Subcamp of a Gulag labor camp

A lagpunkt (Отдельный лагерный пункт, лагерный пункт, лагпункт), literally "camp point" or lagotdelenie (лаготделение, лагерное отделение, literally "camp detachment), may be translated as "subcamp", "camp unit", or "camp site" was a separate settlement subordinated to a major Gulag forced labor camp. Lagpunkts were convenient to decrease the time and hassle of transport of inmates to remote job sites. At the same time this remoteness created difficulties for the delivery of food supplies, especially in winter.

Anne Appelbaum in her Gulag: A History occasionally translates the term as "base camp", along with using the Russian term. Other authors use the term "base camp" for the main location of the camp.

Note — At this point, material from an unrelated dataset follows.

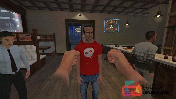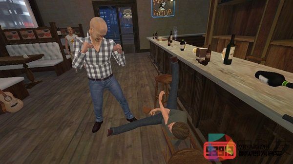 最后一款给我留下深刻印象的VR游戏是《Drunkn Bar Fight》,顾名思义,这是一款“在酒吧里和酒鬼打架”的游戏。这款游戏的操作方式既包括体感拳击,玩家也可以用摇杆进行移动,而在实际游玩中,无论是移动还是击打对手,我都没有产生任何眩晕感,手柄表现依然出色。一场激战下来,最终的结果是我被一群酒鬼群殴,这款游戏告诉我们,即使在游戏里也不要随便打架(笑)。

Many camps, especially operating logging had big number of lagpunkts to man work in a particular areas. Some of them did not have a name, only number and housed about a 100 of inmates. In general, lagpunkts were of varying sizes: from several dozen to several thousand inmates. Their lifetime also varied greatly: some existed from 1920s into 1980s (when were converted into prisons or colonies), while others lasted for a summer season only or, keeping the number, moved to another location.

Anne Appelbaum remarks that most descriptions of Gulag geography report about 500 locations, but in fact there was much more than that: many major camps had from dozens to hundreds smaller sub-units, which are close to impossible to count.

There were other terms for temporary job locations of labor camp: kolonna ("column", in reference of "worker columns' of a labor army) a lagpunkt for road construction; komandirovka (work trip; the generic meaning of the term is "business trip"); distantsiya ("distance"), for railroad construction camp detachments for a particular stretch ("distance") of a railroad.